### WHAT YOU WILL DO:
Transcribe the listing that follows in full, exactly, and drop its images.

### THE DATA:
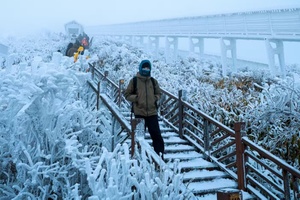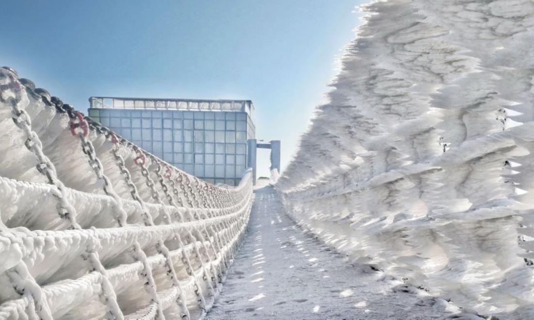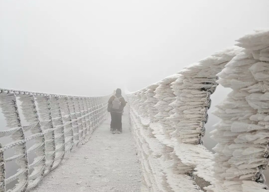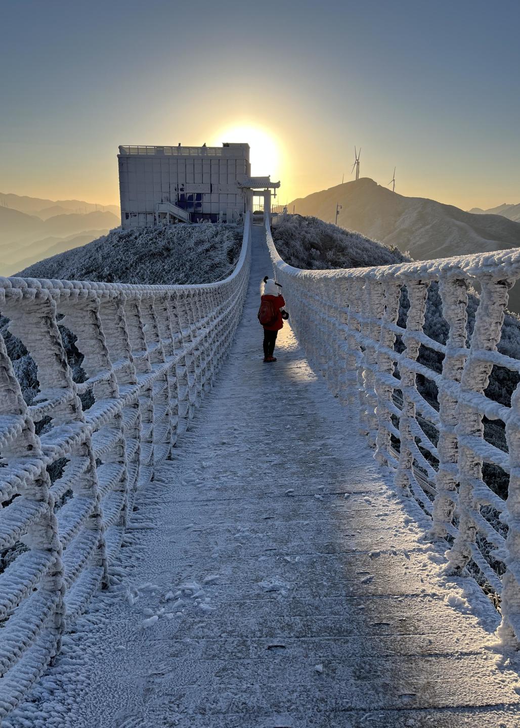 冬季整座桥都被晶莹的冰雪包围,景象胜似北极风光,我们行走其上,脚下是翻腾的云海,腾云驾雾。
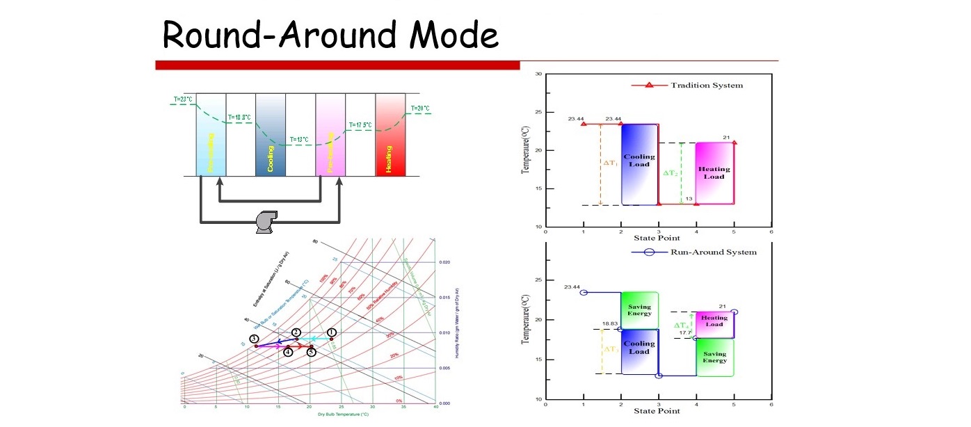 The de-ionized water and the air conditioning system are the main equipments to carry away the hot waste gas to the atmosphere. During the process of thermal transmission the efficiency of equipment and the management of energy saving have affected the power consumption of all facility. Thus, an intelligent energy saving measure was applied to the equipment. Moreover, these logical algorithm and management mechanisms relies on flexible monitoring and control technique, such as the run-around of air handling unit, the enthalpy control of outside air, the optimized operation efficiency, the control technique will all be applied to each control layer.
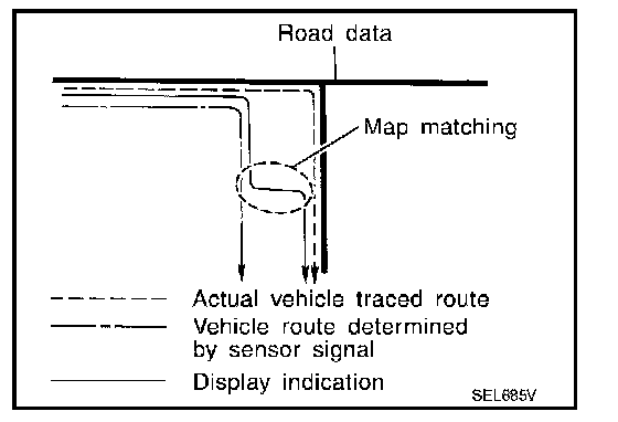 Map-matching is a function that repositions the vehicle on the road map when a new location is judged to be the most accurate. This is done by comparing the current vehicle position, calculated by the method described in the position detection principle, with the road map data around the vehicle, read from the map DVD-ROM stored in the DVD-ROM drive.
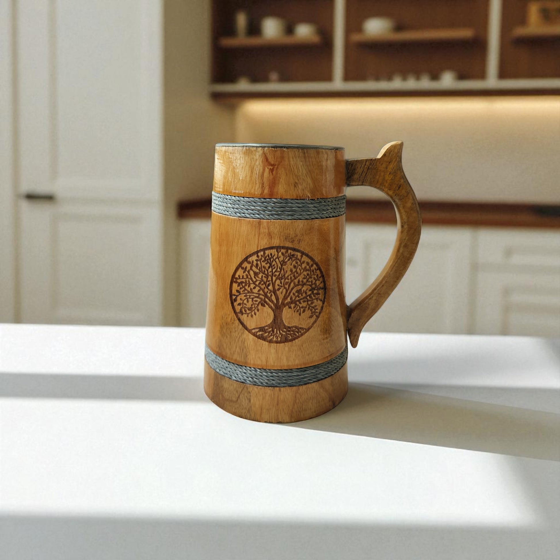 SacredFig Wooden Mug Large with Steel Lining – 500ml | Silver Rings & Tree Engraving | Handcrafted Large Rustic Mug

### SOLUTION BELOW:
 冬季整座桥都被晶莹的冰雪包围,景象胜似北极风光,我们行走其上,脚下是翻腾的云海,腾云驾雾。
 The de-ionized water and the air conditioning system are the main equipments to carry away the hot waste gas to the atmosphere. During the process of thermal transmission the efficiency of equipment and the management of energy saving have affected the power consumption of all facility. Thus, an intelligent energy saving measure was applied to the equipment. Moreover, these logical algorithm and management mechanisms relies on flexible monitoring and control technique, such as the run-around of air handling unit, the enthalpy control of outside air, the optimized operation efficiency, the control technique will all be applied to each control layer.
 Map-matching is a function that repositions the vehicle on the road map when a new location is judged to be the most accurate. This is done by comparing the current vehicle position, calculated by the method described in the position detection principle, with the road map data around the vehicle, read from the map DVD-ROM stored in the DVD-ROM drive.
 SacredFig Wooden Mug Large with Steel Lining – 500ml | Silver Rings & Tree Engraving | Handcrafted Large Rustic Mug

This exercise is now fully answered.